Radom jednak liczy na więcej. Żeby zachęcić linie lotnicze zniósł opłaty za lądowanie, ale już opłata za odprawionego pasażera należy do najwyższych w kraju — wynosi 37,20 złotego. Drożej jest tylko na lotnisku Chopina w Warszawie, w porcie im. Lecha Wałęsy w Gdańsku, w Modlinie i w krakowskich Balicach.
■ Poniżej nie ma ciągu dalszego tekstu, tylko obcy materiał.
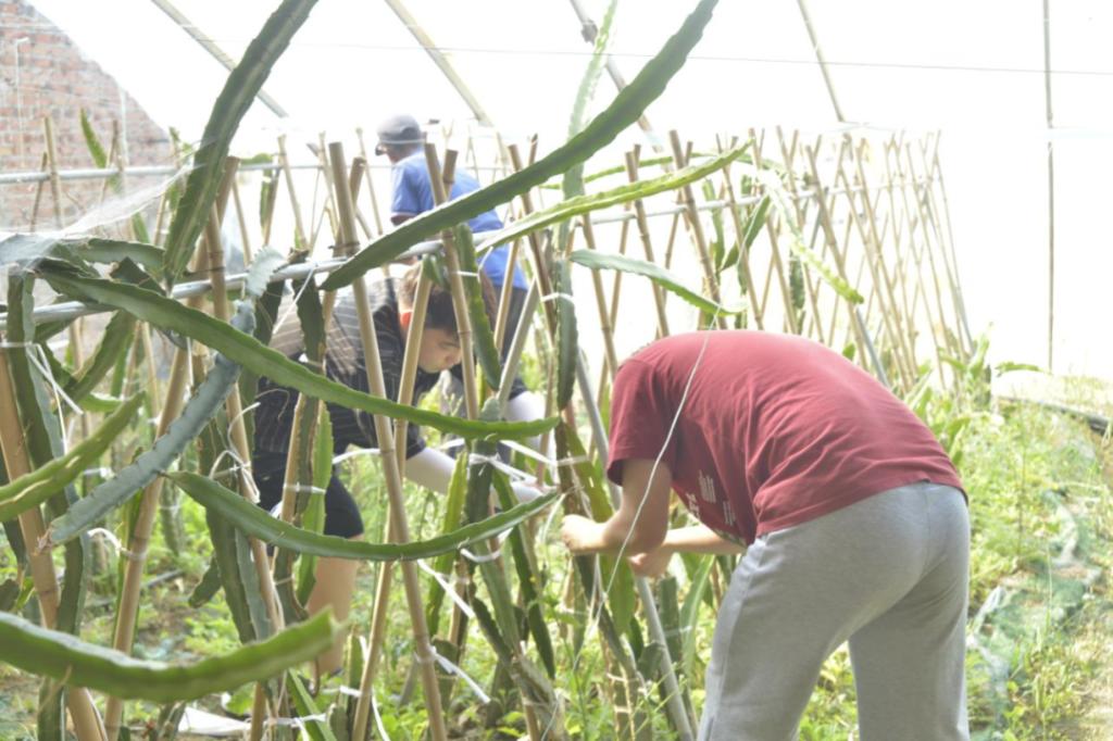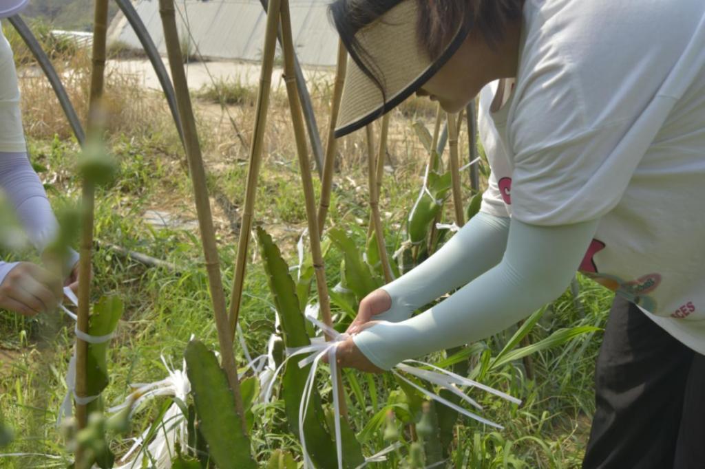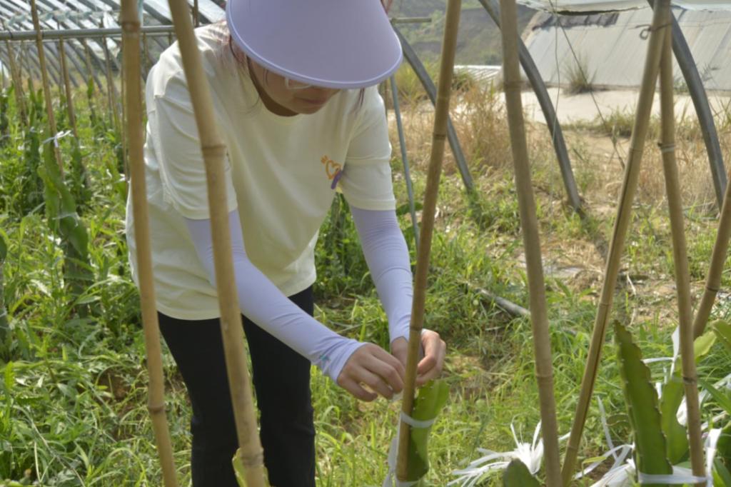 随后,队员们积极投身农田工作,亲自动手为火龙果绑枝条。这次农田实践操作不仅增加了队员们的社会责任感和使命感,还进一步激发了他们对实施乡村振兴战略的支持,鼓舞他们为实现乡村振兴贡献自己的力量。

—To nieporozumienie. Takie miasta, jak Radom i Łódź skorzystałyby dużo bardziej na dobrym i szybkim połączeniu kolejowym z Warszawą, niż na łataniu bez końca dziury finansowej lotnisk funkcjonujących na ich obszarze — uważa Jacek Krawczyk, unijny ekspert lotniczy, wiceprzewodniczący Europejskiego Komitetu Ekonomiczno-Społecznego. Według kieleckich symulacji lotnisko w Obicach oddalone o 25 km od miasta miałoby już w pierwszym roku 100 tys. pasażerów, a pierwszy milion osiągnęłoby po 10 lata funkcjonowania. Na przygotowania, głównie kupno gruntów pod inwestycję, wydano już 31 mln złotych.
Jak na razie w Polsce bez lotnisk funkcjonują tylko 4 województwa — właśnie świętokrzyskie, opolskie, podlaskie i warmińsko-mazurskie. Oddanie portu w Szymanach ograniczy tę liczbę do trzech. To nie znaczy jednak, że pozostałe kwitną.